Callback fails silently

If the SSH callback fails, nothing happens — training finishes normally, the next job never submits, no notification. You won't know until you check manually. Fix: Add || echo "callback failed" so training doesn't abort. More importantly, test the SSH path before you need it during a real run.

API key expires silently

Hardcoded API key expires, analysis script crashes, no next job, nothing. Fix: Store credentials in AWS SSM Parameter Store and fetch at runtime. Keys expire; scripts end up in git.

06 What Hachimi Actually Did

The Python scripts are deterministic pipeline glue — they do the same thing every run.

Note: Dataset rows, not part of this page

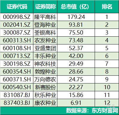最新市值排名中,隆平高科仍是行業(yè)龍頭,總市值179.24億遙遙領(lǐng)先,排名第一。同時(shí),敦煌種業(yè)表示未來公司管理層將會(huì)重視市值的管理工作,進(jìn)一步舉措將會(huì)具體公告。
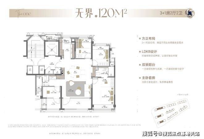 整体布局与140㎡户型基本一致,双南向阳台、独享电梯厅、6飘窗等户型拓展面积超过18㎡!
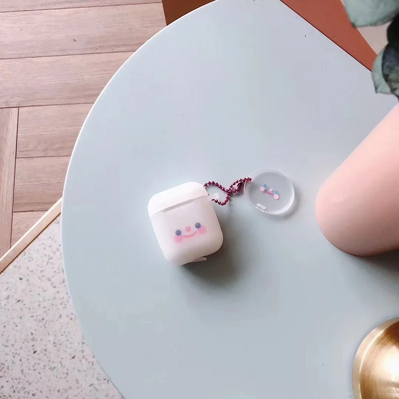 Застенчивый розовый чехол с улыбающимся лицом и голубыми глазами AirPods, соответствующий тому же украшению, матовый белый цвет, мягкий и скользкий на ощупь
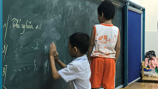 Nhiều trẻ em thích thú với bảng và phấn viết
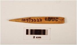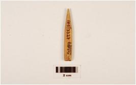 | Description / विवरण | A bone point with polished surface, pointed tip, broken at one end. |
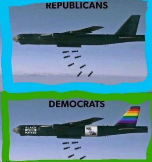 The Democrat bomber carries Black Lives Matter, Yes We Can and Gay Pride stickers
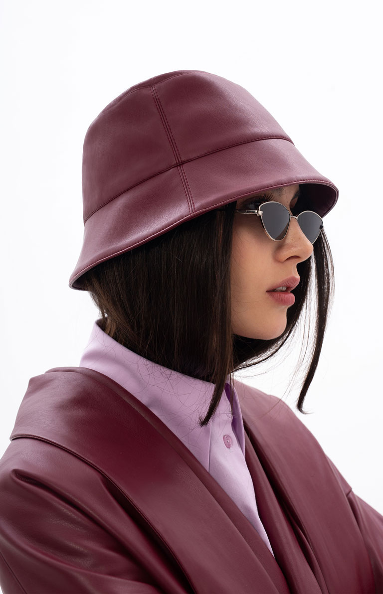 POMEGRANATE ECO-LEATHER BUCKET HAT
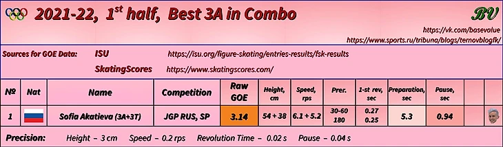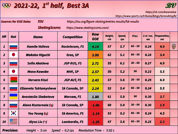 Для полноты картины нужно добавить, что хотя формально у Хигучи здесь и второе место, его в принципе можно оспорить, так как сюда не включены 3А в каскадах. По причине того, что успешных попыток их исполнения у женщин почти не было, а те, что были, отгоены хуже сольных. Но за одним исключением: у Софьи Акатьевой каскад 3А+3Т в короткой ЮГП в России получил 3.14 / 5.00 - немного больше, чем сольный аксель Хигучи
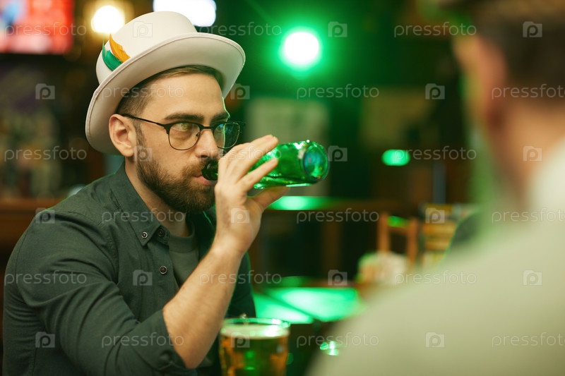 Мужчина пьет пиво из бутылки
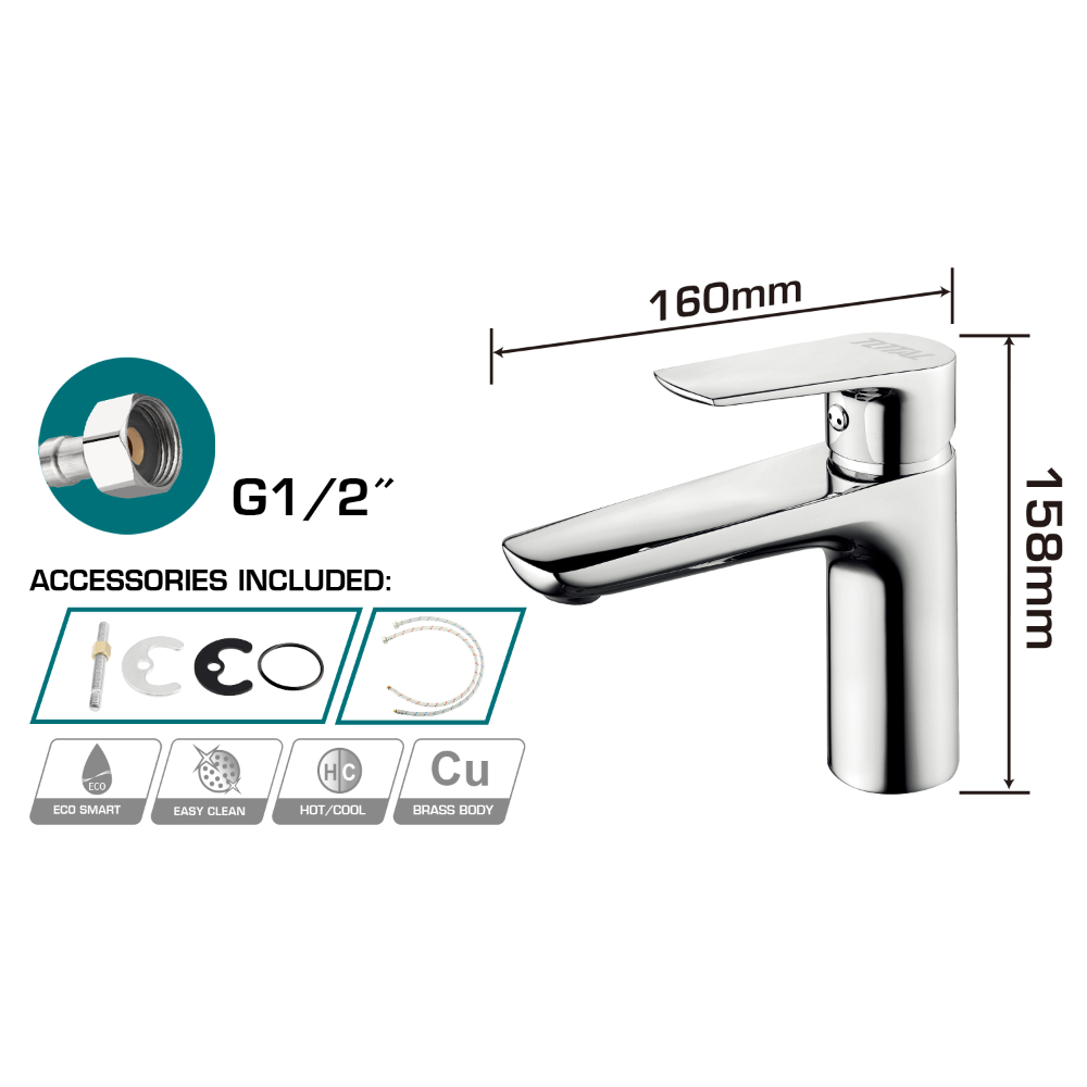 Смесител за мивка TOTAL Industrial в хромирано изпълнение с височина 158 мм - израз на съвременен стил и индустриален дизайн. Този смесител не предоставя само лесен и прецизен контрол над потока на водата и температурата, но и предлага елегантен и съвременен външен вид. Височината от 158 мм, този смесител е практичен и функционален, подходящ както за бани, така и за кухни Хромираната повърхност придава блясък и луксозен вид на смесителя, като същевременно го прави лесен за почистване и поддръжка. предоставяйки ви стил и удобство в едно.

Hachimi handles the cases where judgment is required:

When I manually cancelled the wrong auto-submitted job, Hachimi caught the version conflict
When the LLM API key expired mid-experiment, Hachimi read the logs directly, analyzed them, and proposed the next configuration without being asked
Throughout the experiment, all I needed to read was the Telegram summary — I never had to keep a terminal open

Scripts handle the happy path. Hachimi handles everything else.

07 Recommendations

Disable automation first. Get the pipeline working end-to-end manually. Add the callback, then the auto-submit. One layer at a time.
Write results.json at the end of every run. At minimum: final metric, best metric + epoch, parameter count. Makes automated analysis much cleaner.
Test the callback chain early. Verify PSC → AWS SSH works before your first real job, not after a 4-hour wait.
Don't hardcode credentials. Keys expire; scripts end up in git.